# Remanufactured Revolver



## nailer (Apr 26, 2009)

I'm thinking of buying a revolver that the gs says was sent back because the cylinder wouldn't lock. It was fixed and it is being sold at a good price. Should I buy it? What do you think?


----------



## Baldy (Jun 21, 2006)

What make is it and what's the price?


----------



## nailer (Apr 26, 2009)

Taurus model 941, 22 magnum, $325.


----------



## dosborn (Apr 17, 2009)

Do you rally really want it?? One of those you just gotta have??

I like and own a Taurus, but I would try to steer away from their revolvers right now.

However, it does have a lifetime waranty.


----------



## nailer (Apr 26, 2009)

dosborn said:


> Do you rally really want it?? One of those you just gotta have??
> 
> I like and own a Taurus, but I would try to steer away from their revolvers right now.
> 
> However, it does have a lifetime waranty.


Why would you steer away from the revolvers now?


----------



## Baldy (Jun 21, 2006)

All I am going to say is Taurus is having timing issuses with some of their revolvers right now.

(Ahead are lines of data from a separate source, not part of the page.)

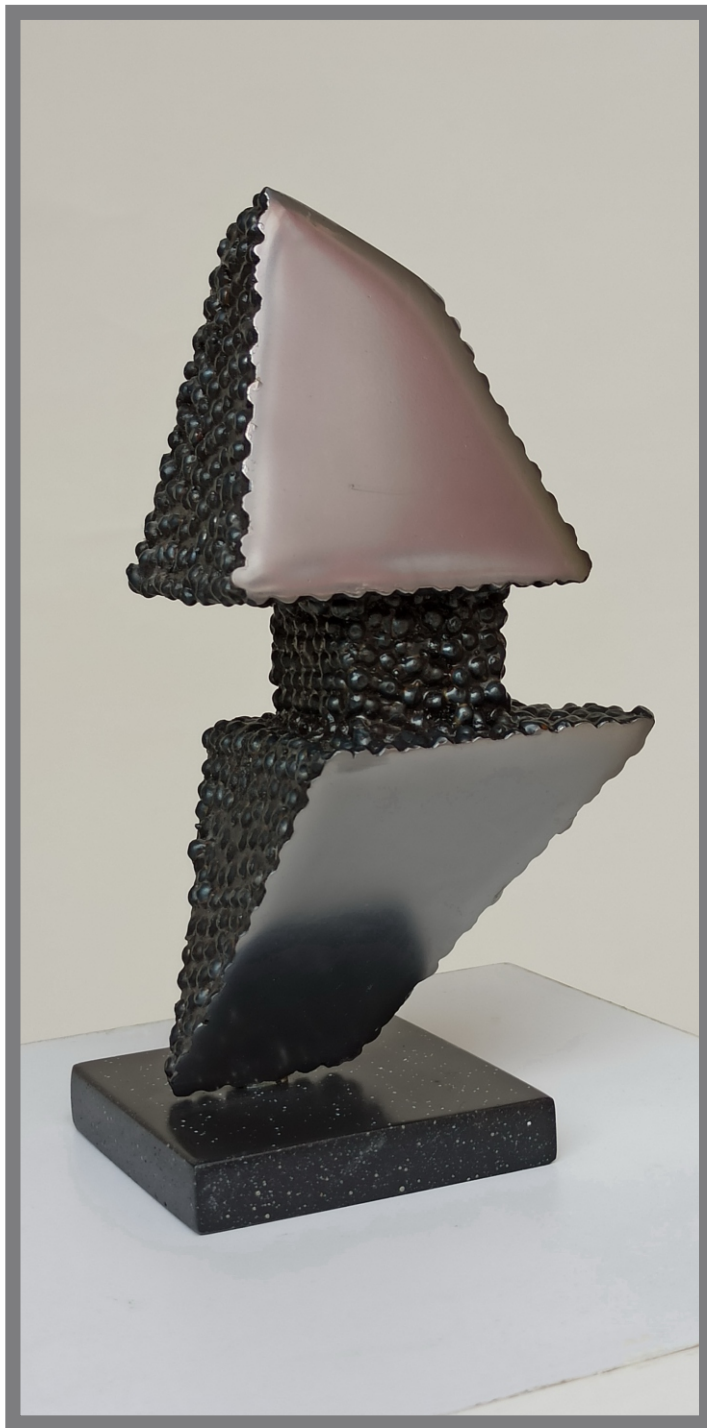
„Пловидба” “Sailing” 23x12,5x9cm.
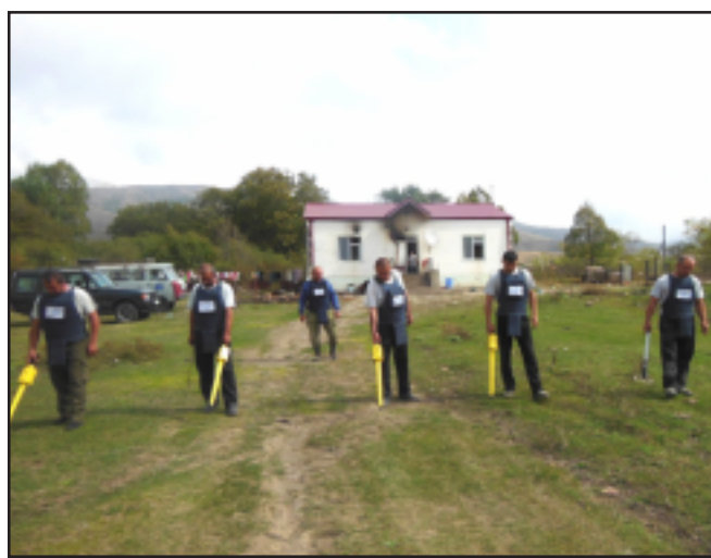
Virab's house in the background

Landmine Free Artsakh is a group of concerned Armenians who have
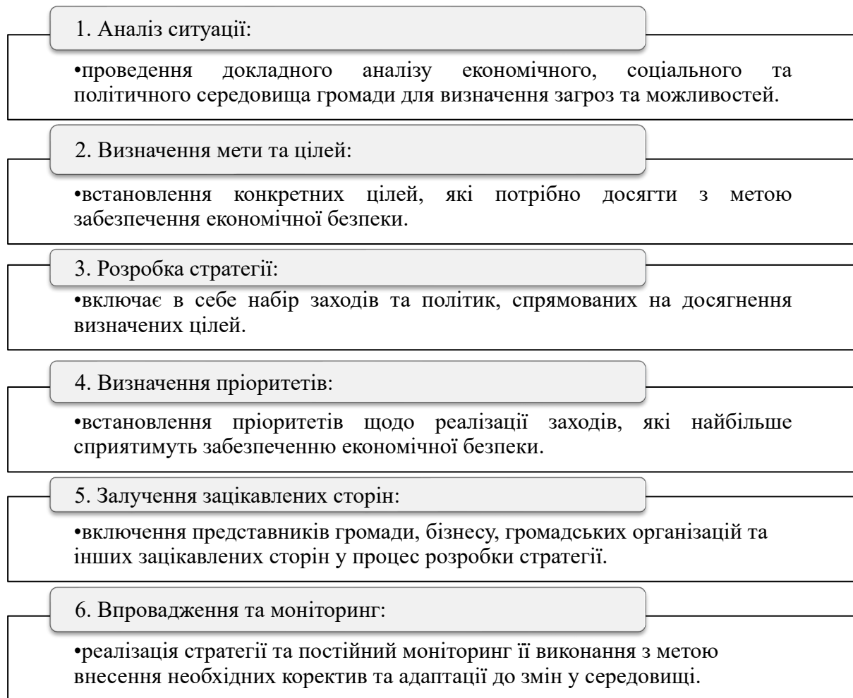
Рис. 2. Етапи формування стратегії забезпечення економічної безпеки територіальних громад

They are running from $403 to about $455 for that model new and that's MSRP. You can get them for about $50 bucks cheaper than that if you shop around.


----------



## dosborn (Apr 17, 2009)

nailer said:


> Why would you steer away from the revolvers now?


Exactly what Baldy said:smt1099


----------



## Freedom1911 (Oct 22, 2009)

dosborn said:


> Do you rally really want it?? One of those you just gotta have??
> 
> I like and own a Taurus, but I would try to steer away from their revolvers right now.
> 
> However, it does have a lifetime waranty.

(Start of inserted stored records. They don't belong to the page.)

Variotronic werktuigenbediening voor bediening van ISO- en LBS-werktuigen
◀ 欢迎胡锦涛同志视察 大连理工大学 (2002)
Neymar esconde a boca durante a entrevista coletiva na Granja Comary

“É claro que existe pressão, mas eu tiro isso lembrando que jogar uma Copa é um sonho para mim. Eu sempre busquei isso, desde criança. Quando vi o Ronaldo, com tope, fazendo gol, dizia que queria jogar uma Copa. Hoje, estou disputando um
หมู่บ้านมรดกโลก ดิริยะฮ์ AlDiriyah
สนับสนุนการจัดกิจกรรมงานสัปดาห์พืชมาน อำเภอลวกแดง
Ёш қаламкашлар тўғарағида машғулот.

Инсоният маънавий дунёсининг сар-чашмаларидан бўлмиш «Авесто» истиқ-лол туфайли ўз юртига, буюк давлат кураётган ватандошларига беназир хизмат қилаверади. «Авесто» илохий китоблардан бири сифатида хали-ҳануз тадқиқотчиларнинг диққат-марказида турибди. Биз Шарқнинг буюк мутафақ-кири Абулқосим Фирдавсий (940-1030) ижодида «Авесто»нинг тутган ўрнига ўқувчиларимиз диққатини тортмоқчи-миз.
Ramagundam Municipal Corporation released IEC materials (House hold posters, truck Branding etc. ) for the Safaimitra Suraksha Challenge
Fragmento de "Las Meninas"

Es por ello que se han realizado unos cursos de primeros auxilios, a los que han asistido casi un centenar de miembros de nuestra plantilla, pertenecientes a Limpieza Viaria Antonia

Listen to the man. Taurus revolvers are what screwed me, I lost hundreds on their cheaply made POS.
Just my opinion, but that opinion comes from experience, from a frame screw falling out of the gun while I was shooting it, from one gun having to go hack for repairs before I ever fired one bullet out of it, for having to spend 100 in shipping and insurance to sent the trash guns back to the Taurus factory for repairs, for them taking 10 weeks to fix both guns and me being with out my guns for that long, and the money I lost when I sold them back to the ffl.
Taurus guns are like that nightmarish mother in law you just can't get away from.


----------